**Work request**:
Word for word, please copy the line containing "Bước 1: Vào điều tra -> Kiểm tra dữ liệu" and all lines after it in the entries below, and only those, leaving every picture out.

——

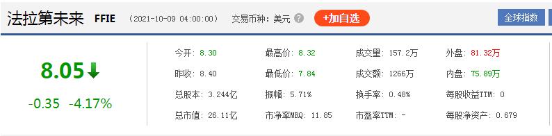 法拉第未来于7月22日在纳斯达克上市,股票代码为FFIE,发行价为13.78美元/股,一度股价涨为16.8美元,截止10月9日,股价跌为8.05美元/股,三个月不到下跌了42%。
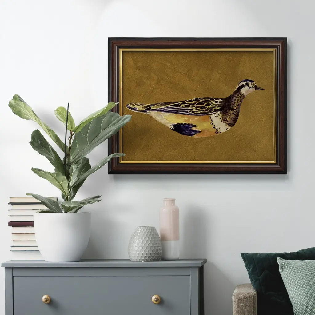 Feathered Friend II Premium Framed Canvas- Ready to Hang A Premium Framed Canvas created to last. Framed in distressed wood and available in an array of sizes and colors Featuring a beveled a solid wood stretcher bar, each piece comes ready to hand 3 SIZES AVAILABLE 16''X20'' - Overall Size 18'X27'' - Overall Size 24''x36'' - Overall Size Each piece is made to order. Each piece comes with hanging hardware. Made in the USA Ready to Hang Giclee Paper Print Acrylic Glass Beveled Matt Board
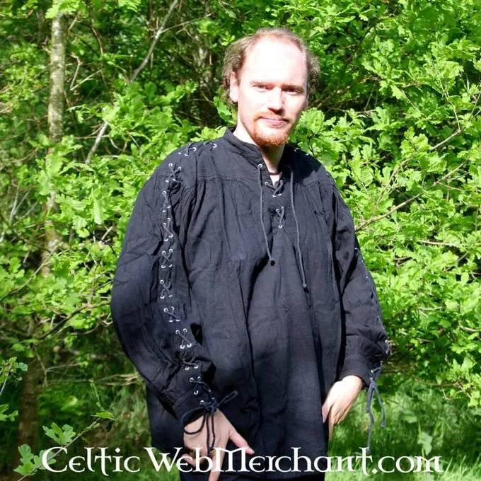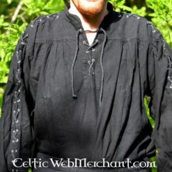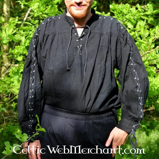 Denne smarte skjorte er egnet til at bære separat eller under en dublet eller vest. Det har snorer for en autentisk udseende. Skjorten fås i farverne sort, rød, brun og grøn.
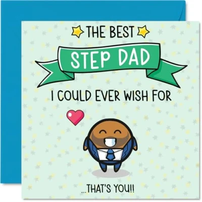 Amazon MAKE YOUR STEP DAD SMILE WITH THIS UNIQUE BIRTHDAY CARD: This exceptional quality Step Dad birthday card for him shows the design 'The Best Step Dad I Could Ever Wish For? That?s You!!'. If you are looking for an awesome birthday card Step Dad for him, then then this happy birthday Step Dad card is bound to make him smile. Not just a birthday card for Step Dad this could also be a birthday gifts for Step Dad, Dad or Father. WHAT DO YOU GET: The card is printed on one side and BLANK ON THE INSIDE to allow you to write your very own message. The unique fun design is printed on a specially sourced and environmentally responsible board. At 360 microns thick the natural white one-sided gloss board has a quality look and feel. Supplied with a coloured gummed envelope to complement the design and ready to be sealed and sent in the post. Great Step Dad birthday cards, Dad birthday card. NO INK SMUDGES: There is nothing worse than writing inside a card to find that the shiny surface makes the ink smudge. This is why we use a high quality one sided coated board. The uncoated side will absorb more of the ink from your pen to make smudging a thing of the past. Step Dad birthday cards, Step Dad birthday cards from Son. SIZES: Greeting Card = 145mm x 145mm, Envelope = 155mm x 155mm, Card Thickness = 360 micron. Happy birthday Step Dad, Step Dads birthday card, Step Dad cards birthday, birthday card Step Dad, happy birthday Step Dad card, Step Dad gifts from Son. MADE AND QUALITY CHECKED IN THE UK: We print and manufacture all our products right here in the UK so you can be sure of a fast turnaround and a product that is expertly made. Using environmentally responsible premium board our card is conscious of the responsible management of the world's forests - happy birthday card Step Dad, Step Dad birthday cards.
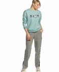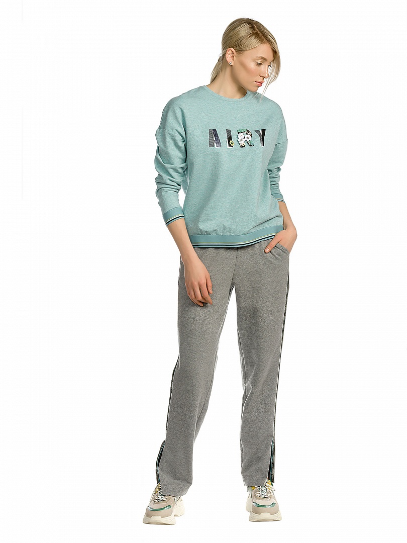 Комплект женский: толстовка и брюки. НОВИНКА! Свитшот комфортного объема. Фактурный шрифтовой принт с объемным декором и металлизированной посыпкой. Перевод: "Воздушная". По низу рукавов пришиты манжеты из рибаны с полосками. Трикотажные брюки нового современного кроя, карманы в боковых швах. Брюки-трубы, небольшого объема с разрезами сбоку и декоративной тесьмой по боковому шву. Состав: верх: 96%хлопок 4%эластан, низ: 96%хлопок 4%эластан
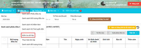Bước 1: Vào điều tra -> Kiểm tra dữ liệu
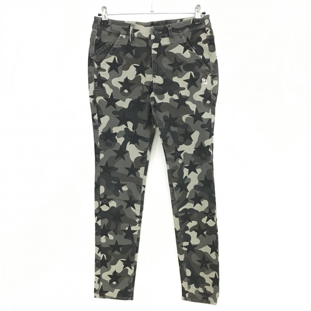 パーリーゲイツ パンツ カーキ×黒 カモフラ柄 迷彩 星型ニコちゃん ストレッチ レディース 1(M) ゴルフウェア PEARLY GATES

——

**Written reply**:
Bước 1: Vào điều tra -> Kiểm tra dữ liệu
 パーリーゲイツ パンツ カーキ×黒 カモフラ柄 迷彩 星型ニコちゃん ストレッチ レディース 1(M) ゴルフウェア PEARLY GATES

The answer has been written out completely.